Menjawab serentetan pertanyaan yang mengemuka, Romo Benny secara lugas membedah satu – persatu secara sederhana namun mengena. “Membumikan Pancasila itu sudah tidak lagi dengan menghapal puluhan butir-butir nilai Pancasila. Namun salah satunya adalah dengan mendulang prestasi tinggi serta membangun solidaritas dan jejaring. PR kita bersama yaitu bagaimana bangsa Indonesia membangun peradaban dan menjadi generasi yang tercerahkan,” ujar Romo Benny dikutip dari lama kemlu.go.id.
Selain itu, Romo Benny juga menggarisbawahi tantangan media sosial yang banyak membuat kaum millennial menjadi terdisorientasi. “Kesadaran literasi digital masyarakat Indonesia harus diakui belum begitu tinggi. Serbuan berita hoax melalui media sosial masih belum bisa dikendalikan sepenuhnya. Untungnya sekarang mulai tumbuh komunitas millennial yang bertujuan memutus berita hoax yang menghujani media sosial di Tanah Air,” terang Romo Benny.
Menyoal keberagaman yang ada, Duta Besar RI Umar Hadi untuk Korea Selatan turut memberikan pendapatnya. “Indonesia sudah fitrahnya sebagai negara berbhinneka tunggal ika.
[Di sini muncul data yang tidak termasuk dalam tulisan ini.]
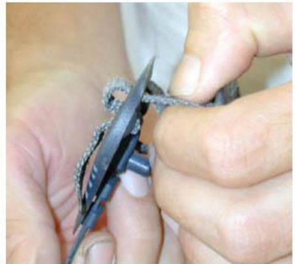
Adjust webbing length

The easiest way to re-adjust your camber back to a regular diameter setting is to use the batten tension key (found in a small pocket at the foot of your Ezzy Sail).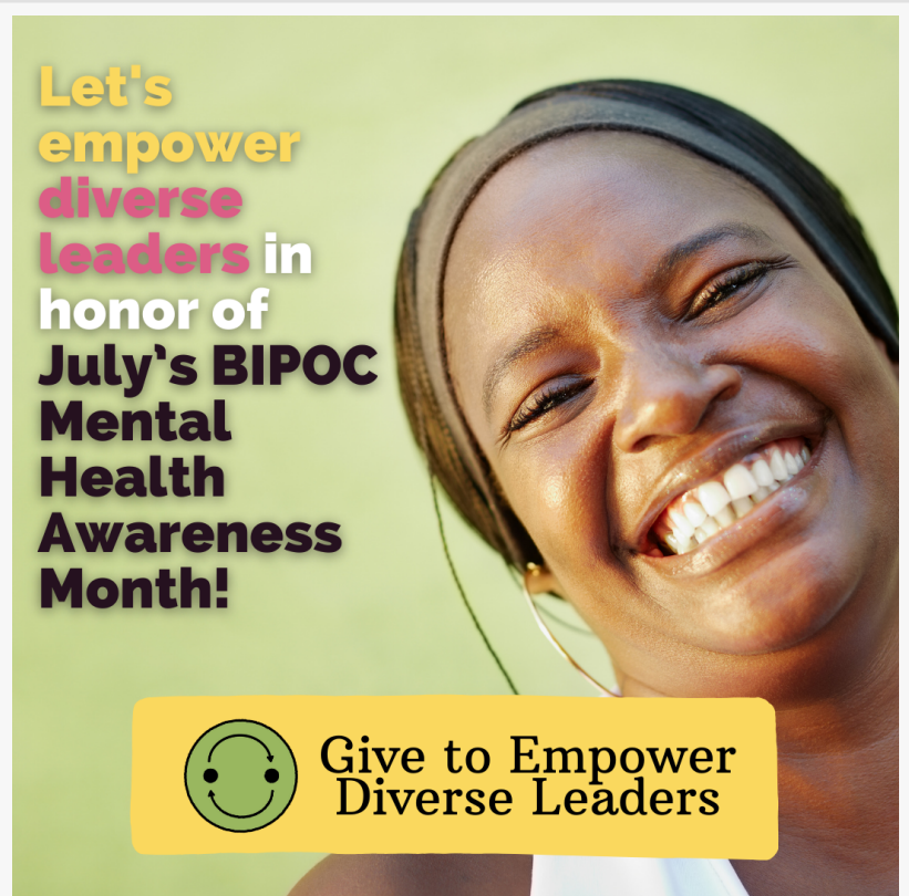
Sidewalk Talk Chapter Leader

Diversity is about our inherent uniqueness. Inclusion is about making everyone feel welcome. Empowerment is contributing to someone's personal and collective power. Sidewalk Talk aims to empower the leadership of individuals whose personal power has not been honored. By raising money to cover the licensing fee to start a Sidewalk Talk chapter, we empower those who want to be a part of this movement of heart-centered listening to improve community health, mental health, and inclusion in their neighborhood.

Dan saat ini hampir seluruh bangsa di dunia ini menghadapi masalah yang sama, terutama dalam sisi kultural. Tarikan ke luar dan ke dalam, sentrifugal dan sentripetal, terus menerus menghimpit. Sensitifitas sukuisme, kedaerahan, bahkan agama timbul bersamaan dengan berbagai faham dari luar seperti liberalisme maupun komunisme. Kesemuanya ini dapat menyebabkan ke-Indonesiaan kita menjadi luntur,” ungkap Dubes.
Untuk mengatasi hal tersebut, Dubes Umar memberikan solusi kepada para milennial untuk banyak membaca. “Yang harus kita pelajari adalah bangsa mana yang berhasil keluar dari permasalahan tersebut dan tidak menjadi tertutup,” pesan Dubes.
Acara Dialog Kebangsaan diselenggarakan oleh PERPIKA bekerja sama dengan KBRI Seoul dengan tujuan untuk menanamkan serta memupuk rasa dan nilai-nilai keindonesiaan di kalangan generasi muda Indonesia di luar negeri. Dialog berhasil membangun kepercayaan diri para millennial ini untuk semakin bangga terhadap Tanah Air dan Bangsa dan senantiasa berupaya untuk melihat perbedaan sebagai suatu kekuatan guna membangun Indonesia yang lebih baik.
Dialog dihadiri tak kurang dari 70 millenial Indonesia di Korsel. Mereka merupakan perwakilan dari berbagai organisasi sosial kepemudaan yang ada seperti Persatuan Pelajar Indonesia, PCINU, PCI Muhamadiyah, Persekutuan Gereja Indonesia, Komunitas Katolik Indonesia, Komunitas Muslim Indonesia hingga kelompok Gamelan dan Tari Tradisional Indonesia di Korsel.